▸ WORK INSTRUCTIONS
Return all of the data verbatim, dropping any picture.

▸ INFORMATION SHOWN
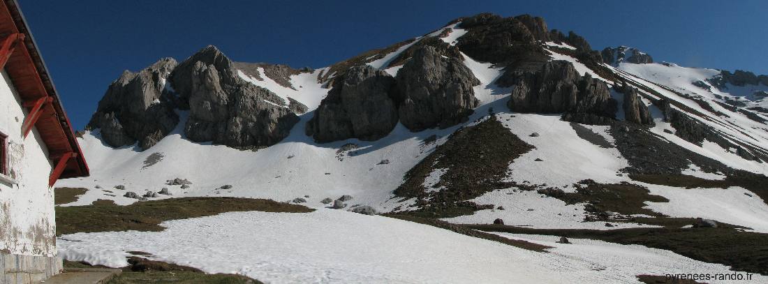 Refuge de Huici et tout en haut, notre objectif du jour, le pico de la Garganta de Borau avec ses deux couloirs en neige.
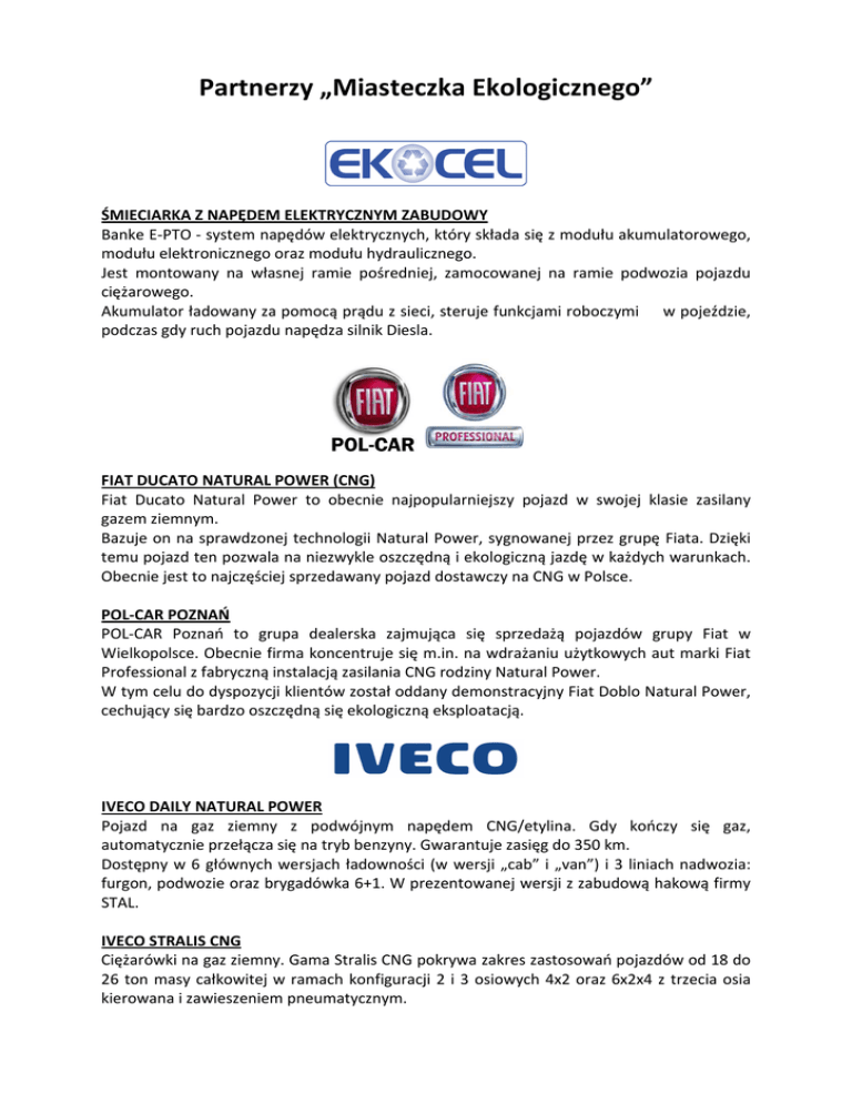 Partnerzy „Miasteczka Ekologicznego” ŚMIECIARKA Z NAPĘDEM ELEKTRYCZNYM ZABUDOWY Banke E-PTO - system napędów elektrycznych, który składa się z modułu akumulatorowego, modułu elektronicznego oraz modułu hydraulicznego. Jest montowany na własnej ramie pośredniej, zamocowanej na ramie podwozia pojazdu ciężarowego. Akumulator ładowany za pomocą prądu z sieci, steruje funkcjami roboczymi w pojeździe, podczas gdy ruch pojazdu napędza silnik Diesla. FIAT DUCATO NATURAL POWER (CNG) Fiat Ducato Natural Power to obecnie najpopularniejszy pojazd w swojej klasie zasilany gazem ziemnym. Bazuje on na sprawdzonej technologii Natural Power, sygnowanej przez grupę Fiata. Dzięki temu pojazd ten pozwala na niezwykle oszczędną i ekologiczną jazdę w każdych warunkach. Obecnie jest to najczęściej sprzedawany pojazd dostawczy na CNG w Polsce. POL-CAR POZNAŃ POL-CAR Poznań to grupa dealerska zajmująca się sprzedażą pojazdów grupy Fiat w Wielkopolsce. Obecnie firma koncentruje się m.in. na wdrażaniu użytkowych aut marki Fiat Professional z fabryczną instalacją zasilania CNG rodziny Natural Power. W tym celu do dyspozycji klientów został oddany demonstracyjny Fiat Doblo Natural Power, cechujący się bardzo oszczędną się ekologiczną eksploatacją. IVECO DAILY NATURAL POWER Pojazd na gaz ziemny z podwójnym napędem CNG/etylina. Gdy kończy się gaz, automatycznie przełącza się na tryb benzyny. Gwarantuje zasięg do 350 km. Dostępny w 6 głównych wersjach ładowności (w wersji „cab” i „van”) i 3 liniach nadwozia: furgon, podwozie oraz brygadówka 6+1. W prezentowanej wersji z zabudową hakową firmy STAL. IVECO STRALIS CNG Ciężarówki na gaz ziemny. Gama Stralis CNG pokrywa zakres zastosowań pojazdów od 18 do 26 ton masy całkowitej w ramach konfiguracji 2 i 3 osiowych 4x2 oraz 6x2x4 z trzecia osia kierowana i zawieszeniem pneumatycznym. IVECO EURO CARGO CNG Ciężarówka na gaz ziemny, głównie dla przewozów średniotonażowych oraz branży komunalnej. Łatwo się ją prowadzi, nawet w centrach miast dzięki kabinie o zwartej budowie i bardzo dużemu kątowi skrętu. Zasięg pracy na pełnej pojemności butli: 400-450km. Na wystawie pojazd prezentowany z zabudowa hakową firmy HYVA. ŁAWKI I KOSZE WYKONANE Z DREWNA TROPIKALNEGO Ich drewniane elementy wyprodukowane są z bardzo wytrzymałego drewna egzotycznego. Powierzchnie elementów metalowych otrzymały specjalne wykończenie, wyjątkowo odporne na trudne warunki atmosferyczne, jak deszcz, słońce, mróz, śnieg itd. Produkty są intensywnie testowane, m.in. w regionach nadmorskich. MERCEDES - BENZ SPRINTER NGT (CNG) Mercedes Sprinter NGT to ekologiczny i oszczędny pojazd dostawczy zasilany gazem ziemnym (CNG). Doskonale sprawdza się w środowisku miejskim, jak i na dłuższych trasach. Dzięki fabrycznej instalacji zasilania metanem właściciel może pokonać do 400 kilometrów na gazie, jednocześnie ciesząc się bardzo oszczędną jazdą. Swoich atutów Sprinter NGT dowiódł w prestiżowym Rajdzie Blue Corridor 2012. MB - POZNAŃ MB-Poznań to autoryzowany dealer użytkowych pojazdów marki Mercedes-Benz. W swojej ofercie posiada ekologiczne i oszczędne pojazdy zasilane sprężonym gazem ziemnym – dostawcze auto Sprinter NGT oraz ciągnik siodłowy Econic NGT. Oba gazowe modele znajdują się w parku demonstracyjne pojazdów dealera. W 2012 roku MB-Poznań aktywnie włączył się w organizację prestiżowego rajdu Blue Corridor 2012. ELEKTRYCZNY SAMOCHÓD I SKUTER Renault Twizy – model miejskiego, dwuosobowego auta elektrycznego produkowany przez koncern Renault od 2012 r. Prędkość do 80 km/h, dystans - do 100 km. Skuter elektryczny firmy Vectrix – prędkość do 100km/h, zasięg na jednym ładowaniu - do 100 km. WOLNOSTOJĄCA KONSTRUKCJA DO MONTAŻU PANELI FOTOWOLTAICZNYCH Opatentowana ocynkowana konstrukcja stalowa z elementami ze stali nierdzewnej. System jednopodporowy wbijany do ziemi przygotowany do montażu paneli fotowoltaicznych monokrystalicznych i polikrystalicznych. Konstrukcja została wykorzystana m. in.: przy budowie jednej z największych w Europie farm fotowoltaicznych o mocy 38 MW znajdującej się w Bautzen. WIATA GARAŻOWA ZE STACJĄ ŁADUJĄCĄ Wiata o wysokości: 4 m., szerokości: 5,25 m. i długości: 6,10 m., pod którą stoi stacja ładująca dla pojazdów elektrycznych fotowoltaiczne o mocy ok. 3,6 kW. SYSTEMY DO MONTAŻU PANELI FOTOWOLTAICZNYCH NA DACHACH ORAZ KONSTRUKCJE WYKORZYSTYWANE DO BUDOWY ELEKTROWNI SŁONECZNYCH Systemy montażu na dachy o różnym pokryciu (dachówki, blacha, papa), mała waga, duża wytrzymałość, łatwy i szybki montaż. Wykonane ze stopów aluminium oraz ze stali nierdzewnej. Konstrukcje wolnostojące dostosowane do różnego rodzaju podłoży, zbudowane ze stalowych elementów cynkowanych ogniowo, jak również z wykorzystaniem profili aluminiowych. COMPOSTAINER DWUKÓŁKOWE POJEMNIKI TYP GMT Intensywne napowietrzanie bio-odpadów podczas zbierania dzięki użebrowaniu, rusztowi ociekowemu oraz otworom wentylacyjnym na ścianach bocznych i w klapie pojemnika. Zapobieganie przedostawaniu się odpadów atmosferycznych do wnętrza dzięki daszkowi nad otworami wentylacyjnymi w klapie. DWUKÓŁKOWE POJEMNIKI TYP: GMT 120L wyciszenie otwierania pojemnika dzięki specjalnej konstrukcji klapy, stabilne mocowanie klapy, wysoka odporność mechaniczna, niezmienna barwa pojemników przez wiele lat dzięki domieszkom substancji uodparniających na działanie promieni UV. POJEMNIKI DEPOTCONTAINER GRUMBACH Przeznaczone są do centralnej zbiórki surowców wtórnych. Dzięki systemowi Grumbach można rozładować 20 pojemników w ciągu godziny (standardowo 12 szt/h). Możliwość obsługi poprzez jedna osobę, zwiększona ognioodporność i trwałość, możliwość zastosowania 2 lub 3 komór opróżnianych osobno, możliwość zbiórki odpadów nocą poprzez system wyciszenia hałasów. STOWARZYSZENIE NGV POLSKA Stowarzysze
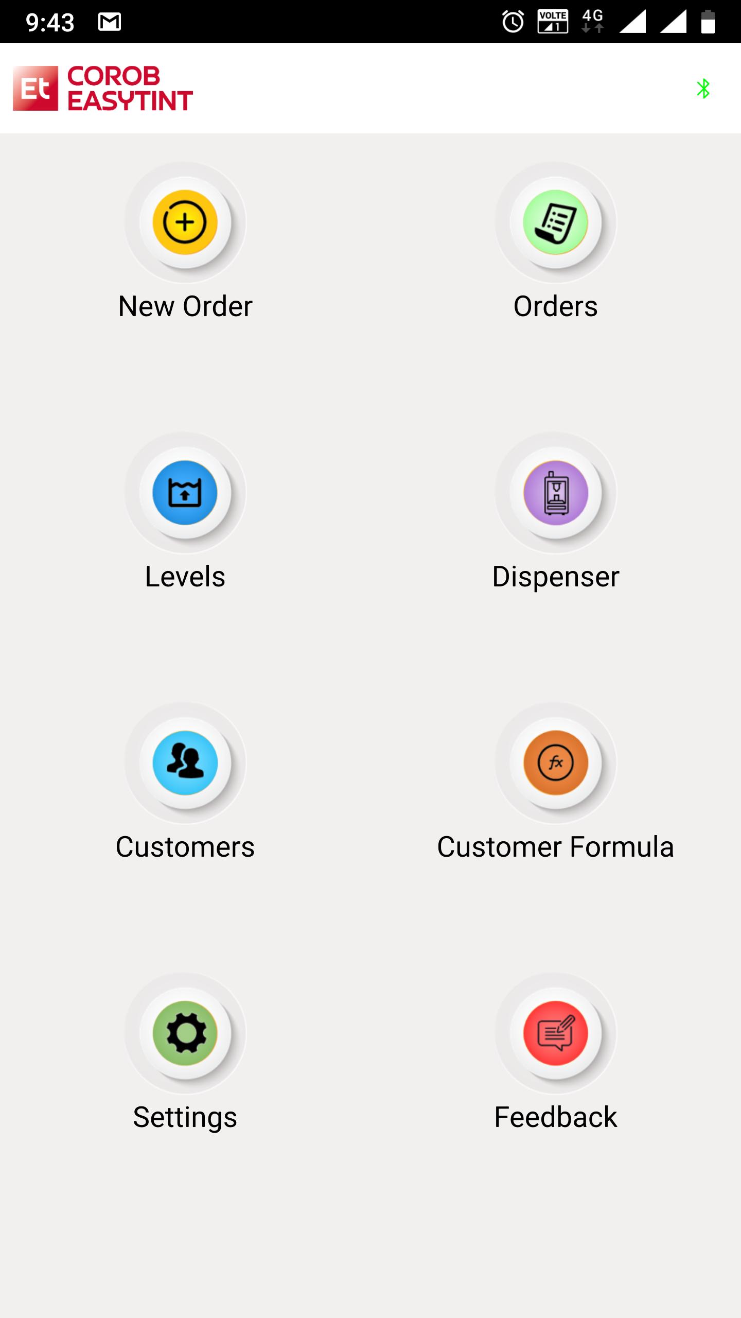COROB EASYTINT เป็นแอพพลิเคชั่นจุดขายที่สมบูรณ์ซึ่งจัดการกิจกรรมการย้อมสีทั้งหมดในเครื่องจ่าย COROB 5G โดยใช้สมาร์ทโฟนหรือแท็บเล็ต

▸ EXPECTED ANSWER
 Refuge de Huici et tout en haut, notre objectif du jour, le pico de la Garganta de Borau avec ses deux couloirs en neige.
 Partnerzy „Miasteczka Ekologicznego” ŚMIECIARKA Z NAPĘDEM ELEKTRYCZNYM ZABUDOWY Banke E-PTO - system napędów elektrycznych, który składa się z modułu akumulatorowego, modułu elektronicznego oraz modułu hydraulicznego. Jest montowany na własnej ramie pośredniej, zamocowanej na ramie podwozia pojazdu ciężarowego. Akumulator ładowany za pomocą prądu z sieci, steruje funkcjami roboczymi w pojeździe, podczas gdy ruch pojazdu napędza silnik Diesla. FIAT DUCATO NATURAL POWER (CNG) Fiat Ducato Natural Power to obecnie najpopularniejszy pojazd w swojej klasie zasilany gazem ziemnym. Bazuje on na sprawdzonej technologii Natural Power, sygnowanej przez grupę Fiata. Dzięki temu pojazd ten pozwala na niezwykle oszczędną i ekologiczną jazdę w każdych warunkach. Obecnie jest to najczęściej sprzedawany pojazd dostawczy na CNG w Polsce. POL-CAR POZNAŃ POL-CAR Poznań to grupa dealerska zajmująca się sprzedażą pojazdów grupy Fiat w Wielkopolsce. Obecnie firma koncentruje się m.in. na wdrażaniu użytkowych aut marki Fiat Professional z fabryczną instalacją zasilania CNG rodziny Natural Power. W tym celu do dyspozycji klientów został oddany demonstracyjny Fiat Doblo Natural Power, cechujący się bardzo oszczędną się ekologiczną eksploatacją. IVECO DAILY NATURAL POWER Pojazd na gaz ziemny z podwójnym napędem CNG/etylina. Gdy kończy się gaz, automatycznie przełącza się na tryb benzyny. Gwarantuje zasięg do 350 km. Dostępny w 6 głównych wersjach ładowności (w wersji „cab” i „van”) i 3 liniach nadwozia: furgon, podwozie oraz brygadówka 6+1. W prezentowanej wersji z zabudową hakową firmy STAL. IVECO STRALIS CNG Ciężarówki na gaz ziemny. Gama Stralis CNG pokrywa zakres zastosowań pojazdów od 18 do 26 ton masy całkowitej w ramach konfiguracji 2 i 3 osiowych 4x2 oraz 6x2x4 z trzecia osia kierowana i zawieszeniem pneumatycznym. IVECO EURO CARGO CNG Ciężarówka na gaz ziemny, głównie dla przewozów średniotonażowych oraz branży komunalnej. Łatwo się ją prowadzi, nawet w centrach miast dzięki kabinie o zwartej budowie i bardzo dużemu kątowi skrętu. Zasięg pracy na pełnej pojemności butli: 400-450km. Na wystawie pojazd prezentowany z zabudowa hakową firmy HYVA. ŁAWKI I KOSZE WYKONANE Z DREWNA TROPIKALNEGO Ich drewniane elementy wyprodukowane są z bardzo wytrzymałego drewna egzotycznego. Powierzchnie elementów metalowych otrzymały specjalne wykończenie, wyjątkowo odporne na trudne warunki atmosferyczne, jak deszcz, słońce, mróz, śnieg itd. Produkty są intensywnie testowane, m.in. w regionach nadmorskich. MERCEDES - BENZ SPRINTER NGT (CNG) Mercedes Sprinter NGT to ekologiczny i oszczędny pojazd dostawczy zasilany gazem ziemnym (CNG). Doskonale sprawdza się w środowisku miejskim, jak i na dłuższych trasach. Dzięki fabrycznej instalacji zasilania metanem właściciel może pokonać do 400 kilometrów na gazie, jednocześnie ciesząc się bardzo oszczędną jazdą. Swoich atutów Sprinter NGT dowiódł w prestiżowym Rajdzie Blue Corridor 2012. MB - POZNAŃ MB-Poznań to autoryzowany dealer użytkowych pojazdów marki Mercedes-Benz. W swojej ofercie posiada ekologiczne i oszczędne pojazdy zasilane sprężonym gazem ziemnym – dostawcze auto Sprinter NGT oraz ciągnik siodłowy Econic NGT. Oba gazowe modele znajdują się w parku demonstracyjne pojazdów dealera. W 2012 roku MB-Poznań aktywnie włączył się w organizację prestiżowego rajdu Blue Corridor 2012. ELEKTRYCZNY SAMOCHÓD I SKUTER Renault Twizy – model miejskiego, dwuosobowego auta elektrycznego produkowany przez koncern Renault od 2012 r. Prędkość do 80 km/h, dystans - do 100 km. Skuter elektryczny firmy Vectrix – prędkość do 100km/h, zasięg na jednym ładowaniu - do 100 km. WOLNOSTOJĄCA KONSTRUKCJA DO MONTAŻU PANELI FOTOWOLTAICZNYCH Opatentowana ocynkowana konstrukcja stalowa z elementami ze stali nierdzewnej. System jednopodporowy wbijany do ziemi przygotowany do montażu paneli fotowoltaicznych monokrystalicznych i polikrystalicznych. Konstrukcja została wykorzystana m. in.: przy budowie jednej z największych w Europie farm fotowoltaicznych o mocy 38 MW znajdującej się w Bautzen. WIATA GARAŻOWA ZE STACJĄ ŁADUJĄCĄ Wiata o wysokości: 4 m., szerokości: 5,25 m. i długości: 6,10 m., pod którą stoi stacja ładująca dla pojazdów elektrycznych fotowoltaiczne o mocy ok. 3,6 kW. SYSTEMY DO MONTAŻU PANELI FOTOWOLTAICZNYCH NA DACHACH ORAZ KONSTRUKCJE WYKORZYSTYWANE DO BUDOWY ELEKTROWNI SŁONECZNYCH Systemy montażu na dachy o różnym pokryciu (dachówki, blacha, papa), mała waga, duża wytrzymałość, łatwy i szybki montaż. Wykonane ze stopów aluminium oraz ze stali nierdzewnej. Konstrukcje wolnostojące dostosowane do różnego rodzaju podłoży, zbudowane ze stalowych elementów cynkowanych ogniowo, jak również z wykorzystaniem profili aluminiowych. COMPOSTAINER DWUKÓŁKOWE POJEMNIKI TYP GMT Intensywne napowietrzanie bio-odpadów podczas zbierania dzięki użebrowaniu, rusztowi ociekowemu oraz otworom wentylacyjnym na ścianach bocznych i w klapie pojemnika. Zapobieganie przedostawaniu się odpadów atmosferycznych do wnętrza dzięki daszkowi nad otworami wentylacyjnymi w klapie. DWUKÓŁKOWE POJEMNIKI TYP: GMT 120L wyciszenie otwierania pojemnika dzięki specjalnej konstrukcji klapy, stabilne mocowanie klapy, wysoka odporność mechaniczna, niezmienna barwa pojemników przez wiele lat dzięki domieszkom substancji uodparniających na działanie promieni UV. POJEMNIKI DEPOTCONTAINER GRUMBACH Przeznaczone są do centralnej zbiórki surowców wtórnych. Dzięki systemowi Grumbach można rozładować 20 pojemników w ciągu godziny (standardowo 12 szt/h). Możliwość obsługi poprzez jedna osobę, zwiększona ognioodporność i trwałość, możliwość zastosowania 2 lub 3 komór opróżnianych osobno, możliwość zbiórki odpadów nocą poprzez system wyciszenia hałasów. STOWARZYSZENIE NGV POLSKA Stowarzysze
COROB EASYTINT เป็นแอพพลิเคชั่นจุดขายที่สมบูรณ์ซึ่งจัดการกิจกรรมการย้อมสีทั้งหมดในเครื่องจ่าย COROB 5G โดยใช้สมาร์ทโฟนหรือแท็บเล็ต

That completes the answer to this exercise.